[<prev] [next>] [<thread-prev] [thread-next>] [day] [month] [year] [list]
Message-ID: <CAHpGcMJu47qQEFgzSvodbpJtPz71HFrG66wbrXR_6AdbkZsOOw@mail.gmail.com>
Date: Wed, 4 Jan 2023 20:02:56 +0100
From: Andreas Grünbacher <andreas.gruenbacher@...il.com>
To: "Darrick J. Wong" <djwong@...nel.org>
Cc: Andreas Gruenbacher <agruenba@...hat.com>,
Christoph Hellwig <hch@...radead.org>,
Alexander Viro <viro@...iv.linux.org.uk>,
Matthew Wilcox <willy@...radead.org>,
linux-xfs@...r.kernel.org, linux-fsdevel@...r.kernel.org,
linux-ext4@...r.kernel.org, cluster-devel@...hat.com
Subject: Re: [PATCH v5 7/9] iomap/xfs: Eliminate the iomap_valid handler
Am Mi., 4. Jan. 2023 um 19:00 Uhr schrieb Darrick J. Wong <djwong@...nel.org>:
> On Sat, Dec 31, 2022 at 04:09:17PM +0100, Andreas Gruenbacher wrote:
> > Eliminate the ->iomap_valid() handler by switching to a ->get_folio()

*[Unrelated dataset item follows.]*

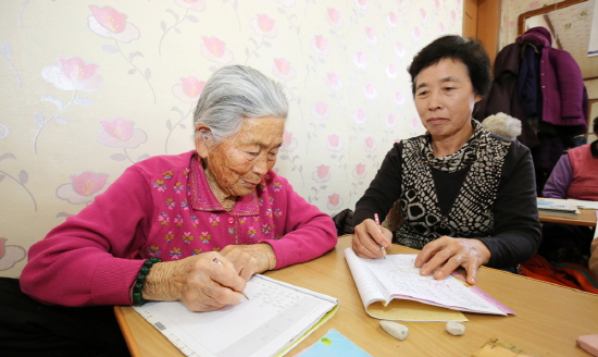 김 할머니는 “한 자 한 자 글씨를 쓰다 보면 시간 가는 줄 모른다.”며 “얼른 글을 깨우쳐 버스를 타고 장도 보러 나가고 자식들 집에도 찾아가고 싶다.”고 말했다. 이 배움교실에서는 김 할머니를 포함해 26명의 늦깍이 학생들이 매주 2회 4시간씩 한글을 배우고 있다.
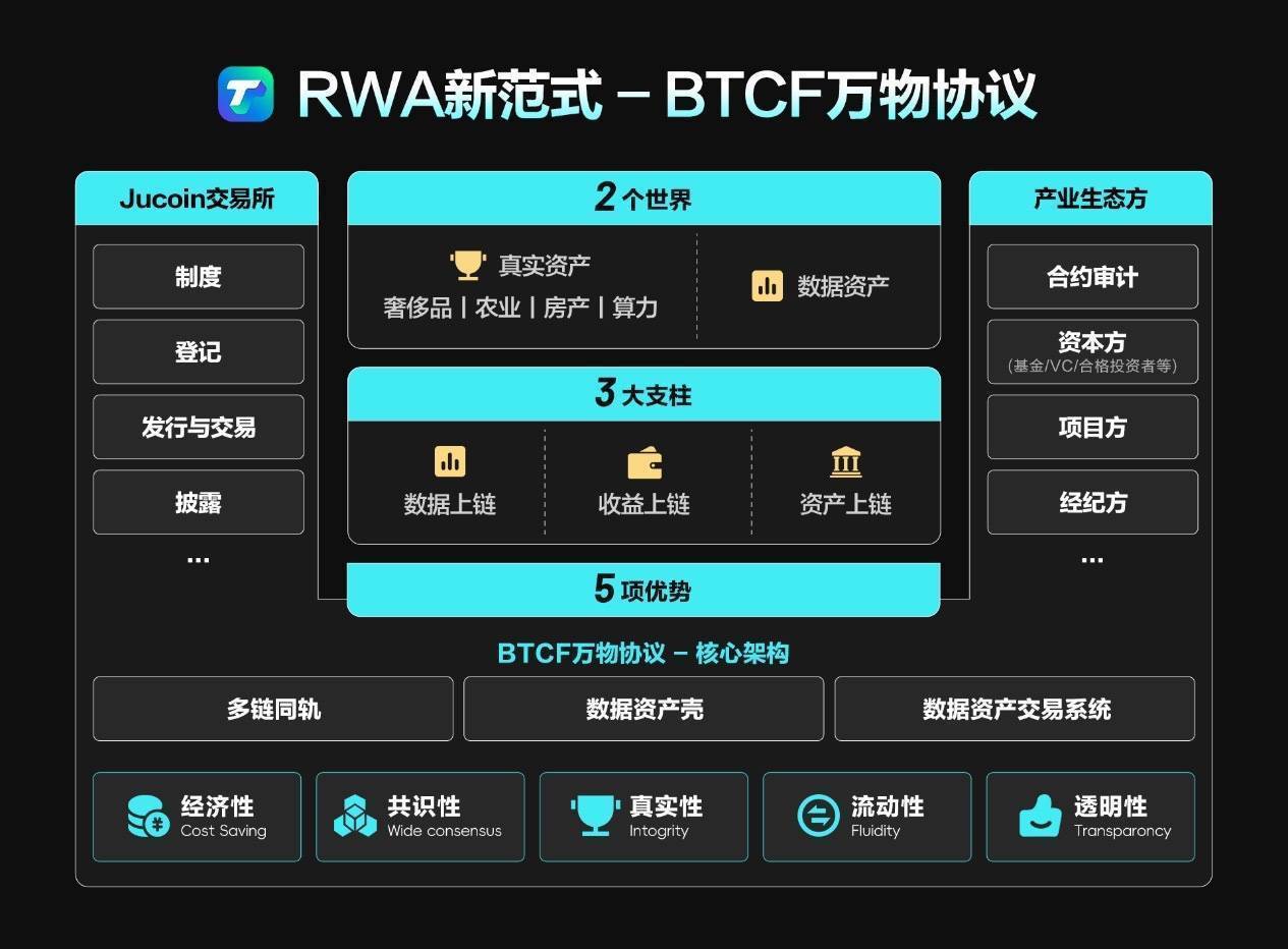 BTCF万物协议(BTCF Protocol)是由全球头部加密资产交易所 JUCOIN 发起的核心RWA(Real World Assets)生态协议,致力于实现传统资产的链上数字化流通。该项目以“构建全球资产数字化新基础设施”为核心愿景,覆盖房地产、大宗商品、应收账款、比特币算力等现实资产,通过区块链技术实现资产上链、流转与管理,打通传统金融与数字金融的边界,成为Web3与实体经济融合的关键通道。

> > handler and validating the mapping there.
> >
> > Signed-off-by: Andreas Gruenbacher <agruenba@...hat.com>
> > ---
> > fs/iomap/buffered-io.c | 25 +++++--------------------
> > fs/xfs/xfs_iomap.c | 37 ++++++++++++++++++++++++++-----------
> > include/linux/iomap.h | 22 +++++-----------------
> > 3 files changed, 36 insertions(+), 48 deletions(-)
> >
> > diff --git a/fs/iomap/buffered-io.c b/fs/iomap/buffered-io.c
> > index 4f363d42dbaf..df6fca11f18c 100644
> > --- a/fs/iomap/buffered-io.c
> > +++ b/fs/iomap/buffered-io.c
> > @@ -630,7 +630,7 @@ static int iomap_write_begin(struct iomap_iter *iter, loff_t pos,
> > const struct iomap_page_ops *page_ops = iter->iomap.page_ops;
> > const struct iomap *srcmap = iomap_iter_srcmap(iter);
> > struct folio *folio;
> > - int status = 0;
> > + int status;
> >
> > BUG_ON(pos + len > iter->iomap.offset + iter->iomap.length);
> > if (srcmap != &iter->iomap)
> > @@ -646,27 +646,12 @@ static int iomap_write_begin(struct iomap_iter *iter, loff_t pos,
> > folio = page_ops->get_folio(iter, pos, len);
> > else
> > folio = iomap_get_folio(iter, pos);
> > - if (IS_ERR(folio))
> > - return PTR_ERR(folio);
> > -
> > - /*
> > - * Now we have a locked folio, before we do anything with it we need to
> > - * check that the iomap we have cached is not stale. The inode extent
> > - * mapping can change due to concurrent IO in flight (e.g.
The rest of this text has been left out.